_ACTIVITY_
A faithful copy is required. Print each line of the data exactly and omit the pictures.

_DATA SECTION_
■ ■ ■ ■
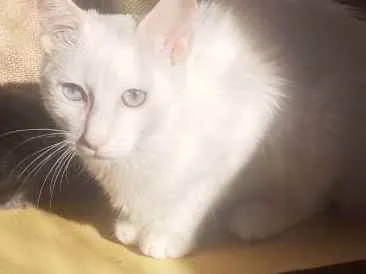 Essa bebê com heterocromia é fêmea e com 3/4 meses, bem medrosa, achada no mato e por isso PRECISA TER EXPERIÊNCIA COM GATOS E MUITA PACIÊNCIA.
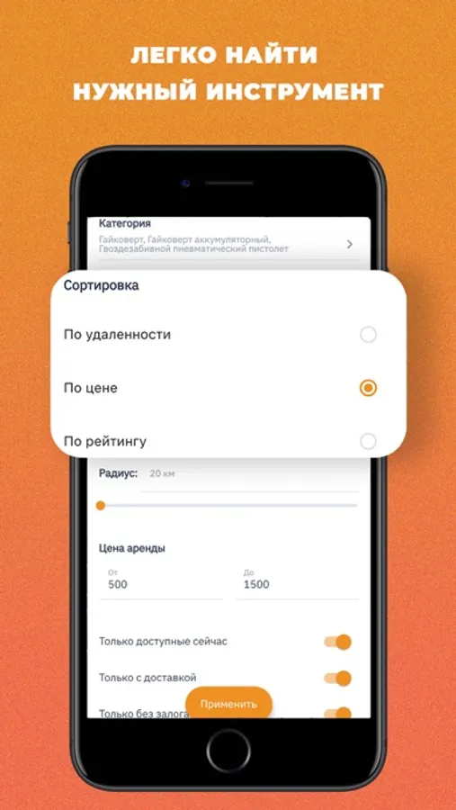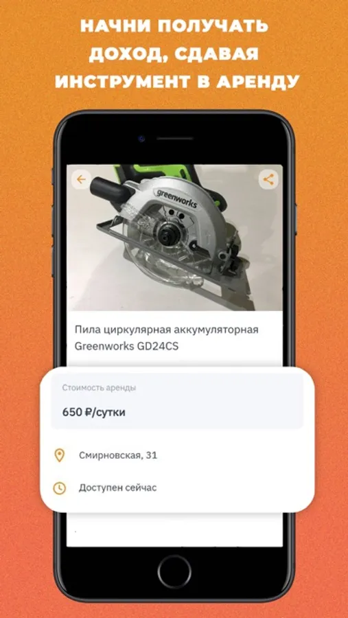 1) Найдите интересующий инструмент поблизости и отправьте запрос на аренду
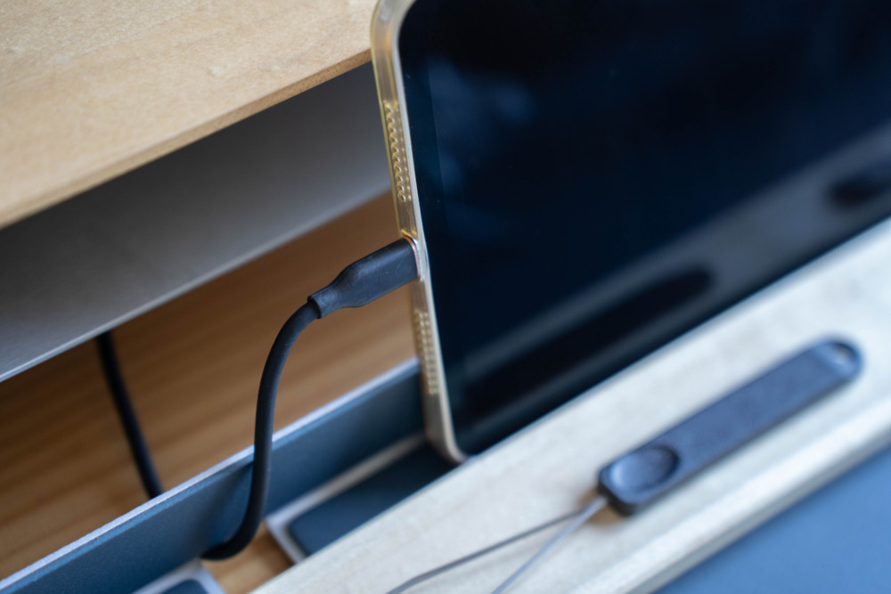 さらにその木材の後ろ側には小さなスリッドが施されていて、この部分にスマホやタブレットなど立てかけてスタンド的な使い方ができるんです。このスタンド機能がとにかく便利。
■ ■ ■ ■
_ANSWER BELOW_
 Essa bebê com heterocromia é fêmea e com 3/4 meses, bem medrosa, achada no mato e por isso PRECISA TER EXPERIÊNCIA COM GATOS E MUITA PACIÊNCIA.
 1) Найдите интересующий инструмент поблизости и отправьте запрос на аренду
 さらにその木材の後ろ側には小さなスリッドが施されていて、この部分にスマホやタブレットなど立てかけてスタンド的な使い方ができるんです。このスタンド機能がとにかく便利。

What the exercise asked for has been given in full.